▶ **Source data**:
---
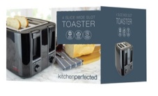 KITCHENPERFECTED BLACK 4 SLICE EXTRA WIDE SLOT TOASTER
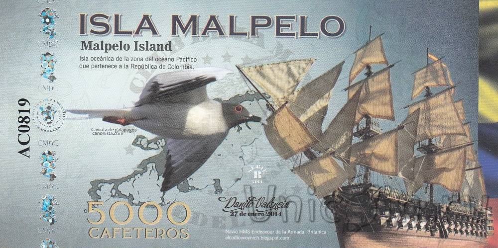Сувенирная банкнота - Остров Мальпело 5000 кафетерос 2014 г.
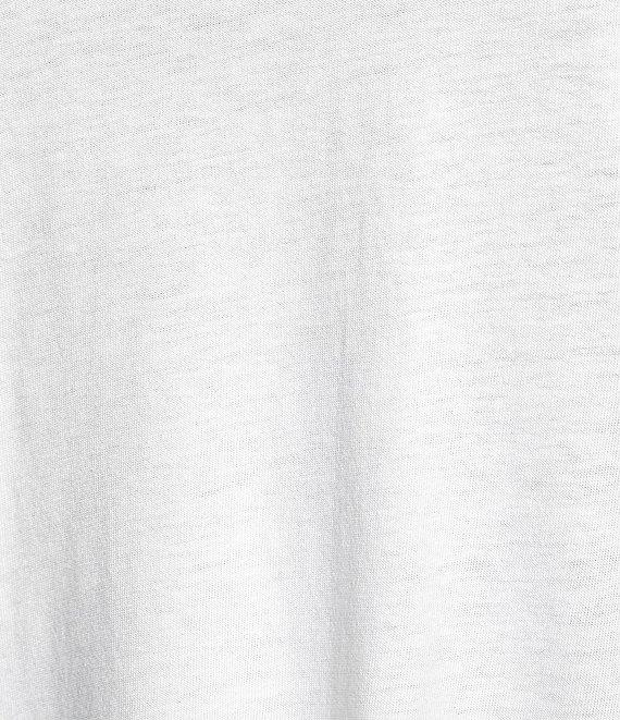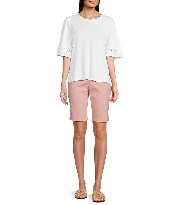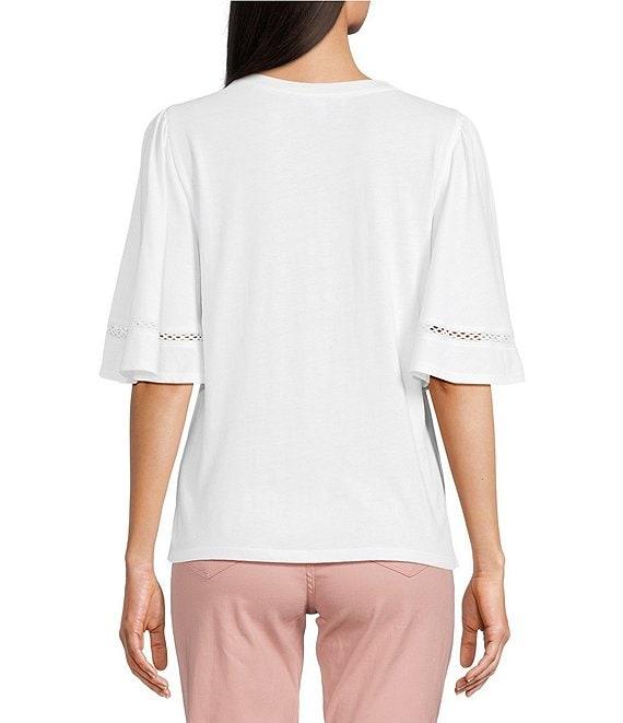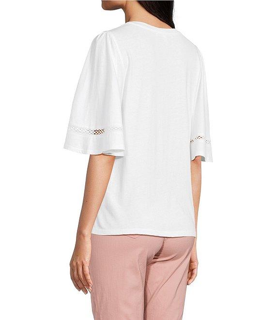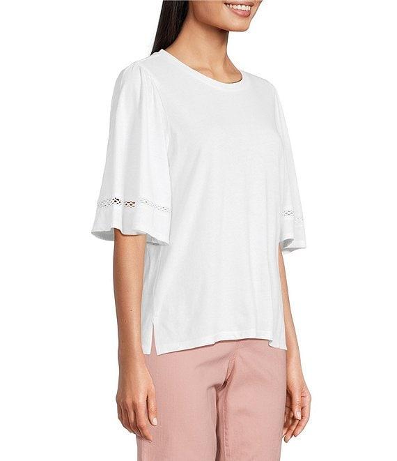 From Code Blue, this top features: Knit fabrication Crew neckline Short sleeves Crochet trim sleeve detail Shirring at sleeves Straight hem with side slits Pullover construction Approx. 24" length Cotton/modal Machine wash / tumble dry Imported.
---
▶ **The problem**: Print all the material above exactly, and drop the images.

▶ **Solution for this exercise**:
 KITCHENPERFECTED BLACK 4 SLICE EXTRA WIDE SLOT TOASTER
Сувенирная банкнота - Остров Мальпело 5000 кафетерос 2014 г.
 From Code Blue, this top features: Knit fabrication Crew neckline Short sleeves Crochet trim sleeve detail Shirring at sleeves Straight hem with side slits Pullover construction Approx. 24" length Cotton/modal Machine wash / tumble dry Imported.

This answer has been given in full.